Только беда в том, что Бобби не воспринимает такие сведения. Артистический темперамент. Романтическая и возвышенная натура. Безусловно, она роскошная женщина — словно зачарованная красавица из сказки — длинноногая блондинка, красивые пальцы, бирюзовые глаза, скользящая походка. Только она жестоко ошибается, полагая, что ее красота — непреодолимая преграда для продуктов радиоактивного распада. Забавно, не правда ли, как люди прячутся за искусство, за Христа, за нынешний внешне солнечный облик мира? По принципу «голову в песок». Бобби находит себе убежище в банальных стихах, Мелинда — в своей юности. Другие — в пошлом, слепом оптимизме или в биологических фантазиях размножения и продолжения рода.
Что до меня, так я предпочитаю яму.
Вот и копай.
Пошли их ко всем чертям. Пускай издеваются. Мелинда может хихикать, Бобби — делать из меня предмет насмешек, но я не остановлюсь. Вызов принят.

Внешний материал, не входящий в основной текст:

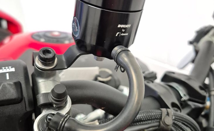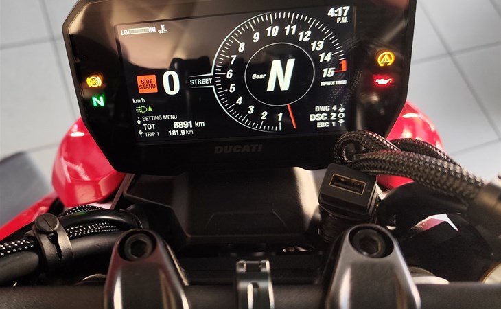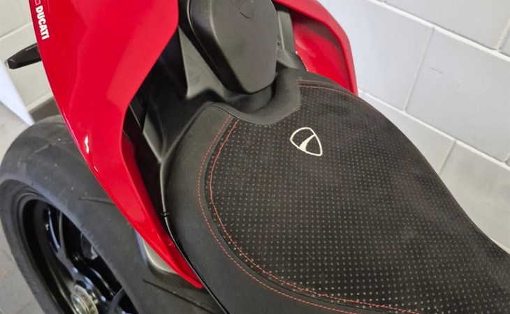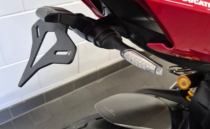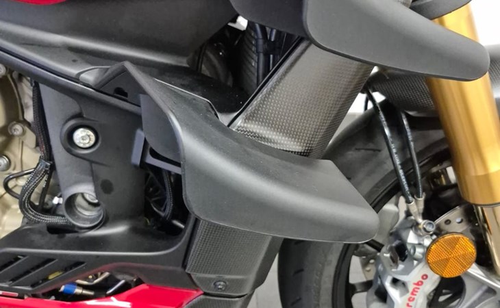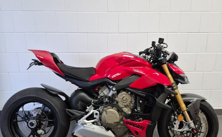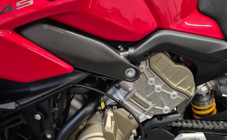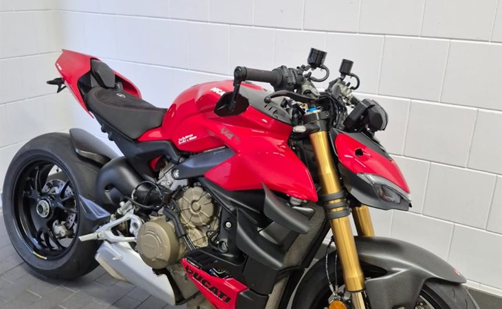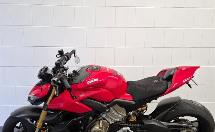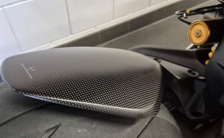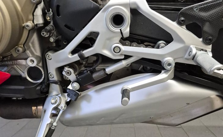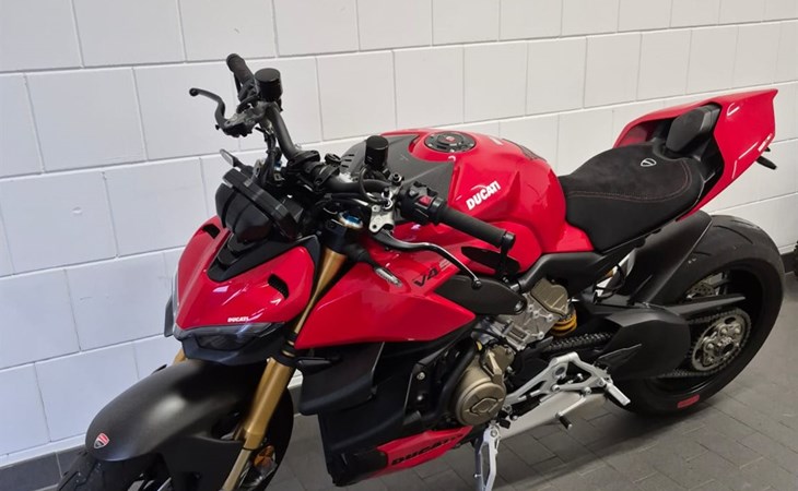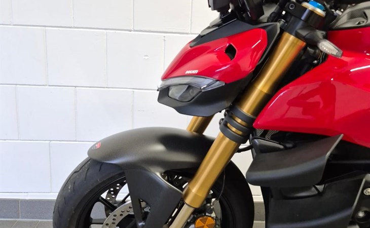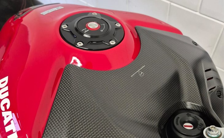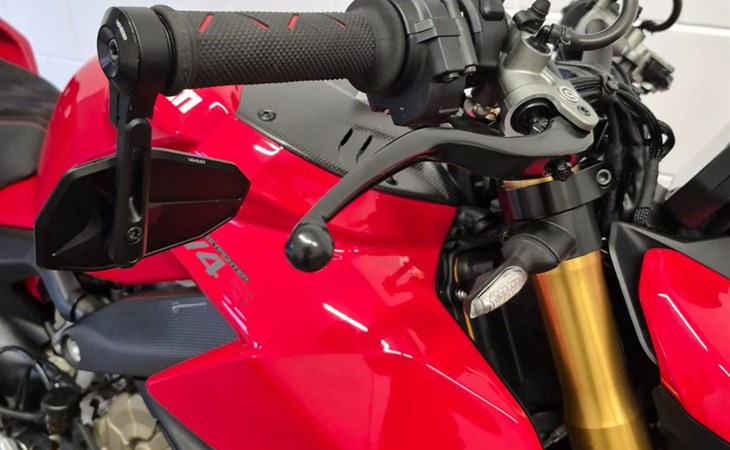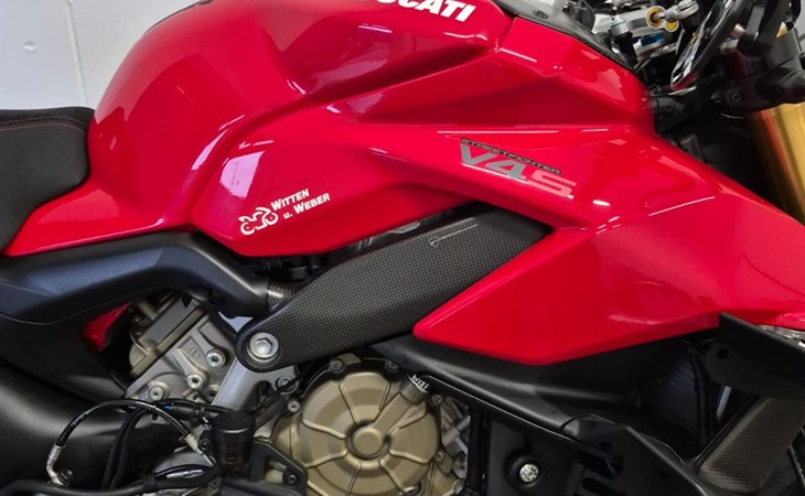 Sehr schöner Streetfighter V4S inklusive kurzem Heck mit LED Blinkern, Kohlefaser Kotflügel vorne und hinten, Kohlefaser Tankabdeckung, Kohlefaser Kühlerblenden, Performance Sitz, Lenkerendspiegel, gefräste Brems- und Kupplungsflüssigkeitsbehälter am Lenker, Achsschutz vorne, Performance Griffgummis, Performance Tankdeckel.
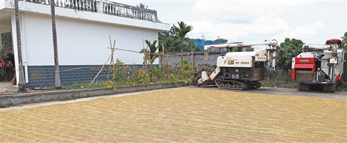 在安徽荃银高科种业公司南繁基地,工作人员收获水稻后晾晒稻谷。经济日报-中国经济网记者 乔金亮摄
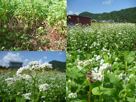 8月5日に蕎麦を播種して一月、青野原&青根に一番花が咲き始めました。此より順次花芽が育ち小昆虫の助けを借りて受粉されます。
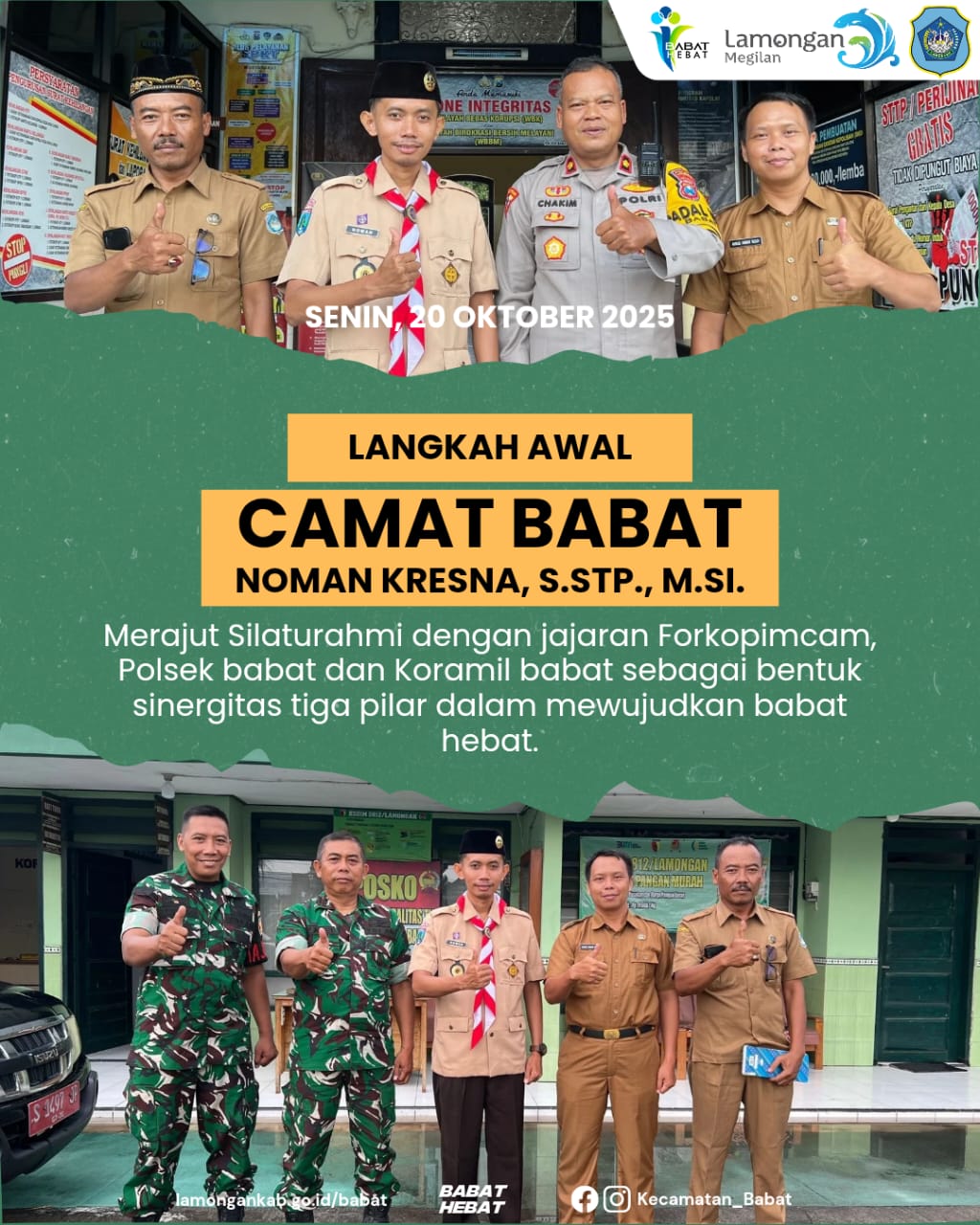 Camat Babat yang baru, Noman Kresna, S.STP., M.Si., memulai langkah awal kepemimpinannya dengan melakukan silaturahmi bersama jajaran Forkopimcam Babat, meliputi Kapolsek Babat dan Danramil Babat. Pertemuan ini menjadi simbol sinergitas tiga pilar pemerintahan di tingkat Kecamatan, antara Kecamatan, Polsek, dan Koramil—dalam mewujudkan visi bersama untuk membangun “Babat Hebat”. Melalui silaturahmi ini, Camat Babat menegaskan pentingnya kebersamaan, komunikasi, dan kolaborasi lintas sektor untuk memperkuat pelayanan publik serta menjaga stabilitas dan keamanan wilayah. Langkah awal penuh semangat ini diharapkan menjadi fondasi kokoh bagi sinergi berkelanjutan menuju Babat yang semakin maju, harmonis, dan berdaya saing.

Прошедшие две недели были настоящим смертоубийством, порой напряжение и отчаяние перерастали в горячечную ярость. Сегодняшним утром, например. После ночи бессонницы и полового воздержания я вышел к завтраку малость очумевшим. Был нездоров, и потому, обнаружив очередную фальшивую поделку Бобби, приколотую к пачке печенья, не нашел в ней ничего смешного. Хотел отшутиться, но просто не мог собраться с силами. Кроме того, стихотворение было ужасным. Называлось «Распад» и было, черт побери, ультиматумом:
Протоны, нейтроныРазобьют наши узыРазобьют сердцаФитиль огнем объятИ впереди распад.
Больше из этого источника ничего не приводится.